A step-by-step, evidence-based guide to nerve gliding, tendon gliding, and stretching exercises that may help ease the numbness and tingling of carpal tunnel syndrome.

27 June 2026FizyoArt Editorialcarpal tunnel syndromecarpal tunnel exerciseswrist painnerve gliding exercisehand numbness
Carpal Tunnel Syndrome: Exercises That Can Help

Carpal Tunnel Syndrome: Exercises That Can Help

Do carpal tunnel exercises really relieve numbness?

On their own, carpal tunnel exercises usually will not fully relieve symptoms such as pain and numbness. They are most effective when combined with other measures, such as activity changes and a wrist splint worn at night [2]. The realistic expectation is this: nerve gliding, tendon gliding, and stretching movements are a supportive tool that may help ease mild to moderate symptoms, not a stand-alone cure.

Carpal tunnel syndrome (CTS) occurs when the median nerve is compressed as it travels through a narrow passageway in the wrist called the carpal tunnel [1]. This compression causes numbness, tingling, and pain in the thumb, index finger, middle finger, and the thumb-side half of the ring finger [3]. In this article we walk through the exercises that may help reduce pressure on the median nerve, step by step, and clarify when you should stop and when you should see a professional.

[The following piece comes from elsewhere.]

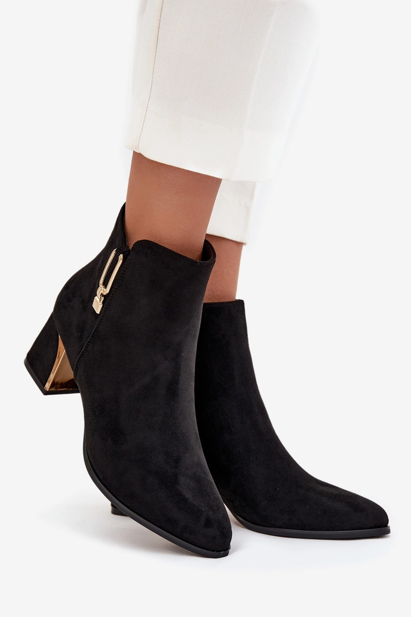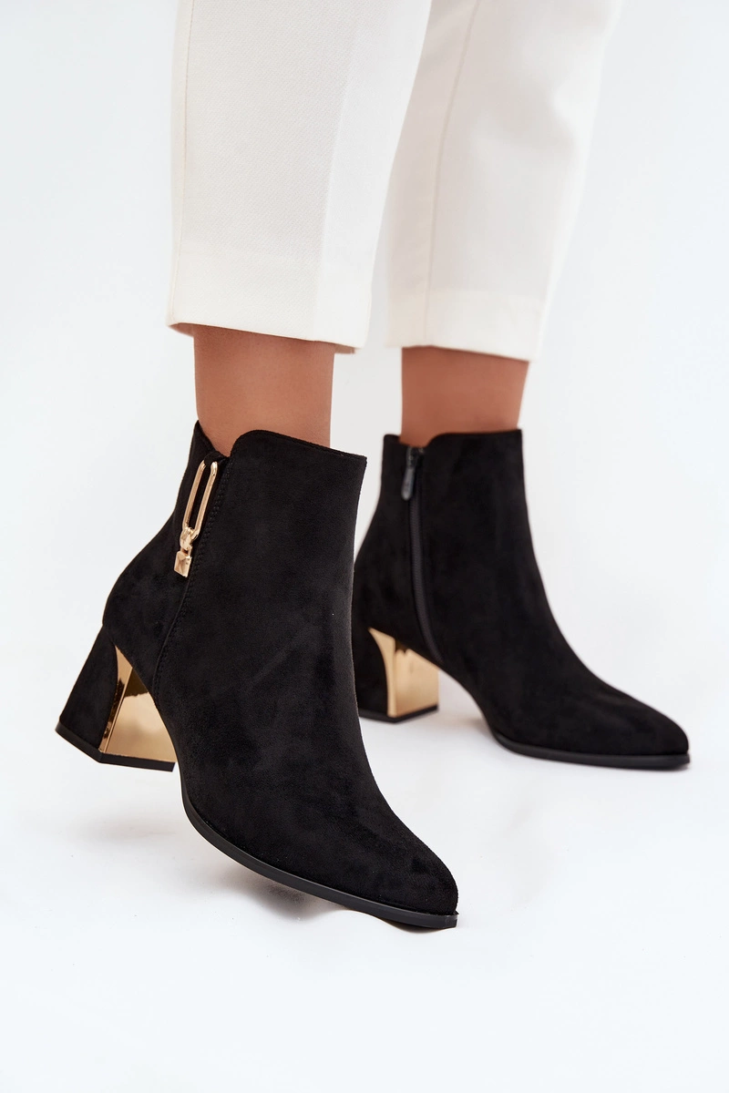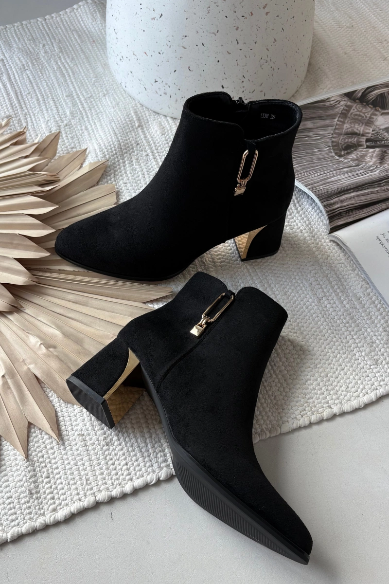 Botki Damskie Na Słupku Ze Złotymi Detalami Czarne Kalivra

This content is for general information only and is not a substitute for an individual examination or medical advice. Before starting any exercise program, it is recommended that you talk to your doctor or physical therapist about whether it is safe for you [1].

What causes carpal tunnel syndrome and what are the symptoms?

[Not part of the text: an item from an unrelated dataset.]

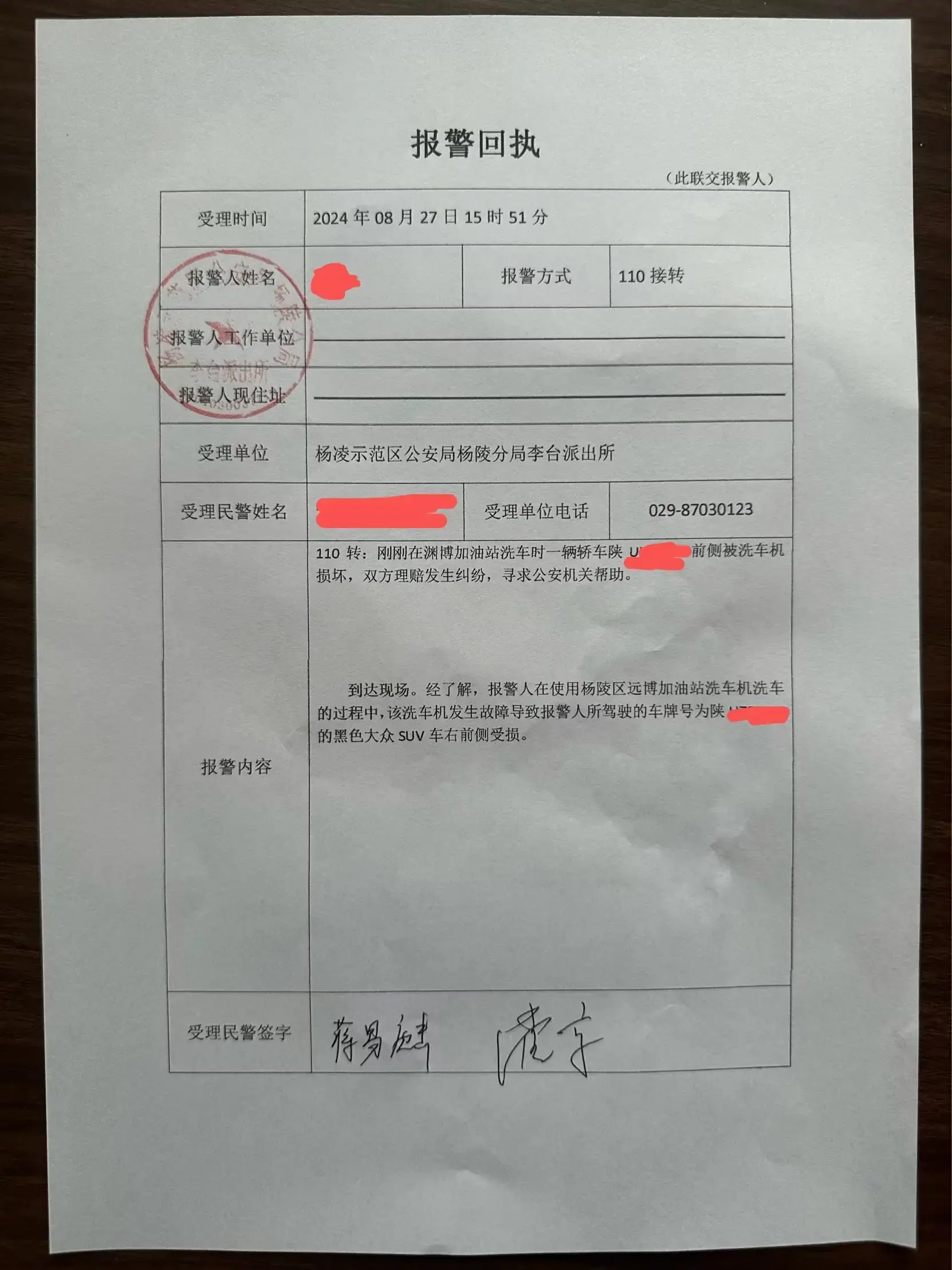 随后李先生选择报警处理,警方到场处理后出具了报警回执,回执显示:“经了解,报警人在使用杨凌远博加油站洗车机洗车的过程中,该洗车机发生故障导致报警人所驾驶的黑色大众SUV车右前侧受损。”

The carpal tunnel is a narrow passage bounded above by the transverse carpal ligament and below by the carpal bones. Nine flexor tendons and the median nerve pass through it [3]. Repeated bending or extending of the wrist can raise the pressure inside the tunnel to several times its normal level, and repeated compression gradually impairs how the nerve works [3].

Symptoms are typically worse at night, especially during sleep, because many people sleep with their wrists bent, a position that compresses the median nerve [2]. Classic complaints include:

  • ·Numbness and tingling in the thumb, index, middle, and half of the ring finger [3]
  • ·Symptoms that worsen at night and ease briefly when you shake the hand [3]
  • ·Hand weakness, loss of fine coordination, and clumsiness as the condition progresses [3]
  • ·Discomfort that increases with repetitive hand tasks such as typing, writing, or driving [3]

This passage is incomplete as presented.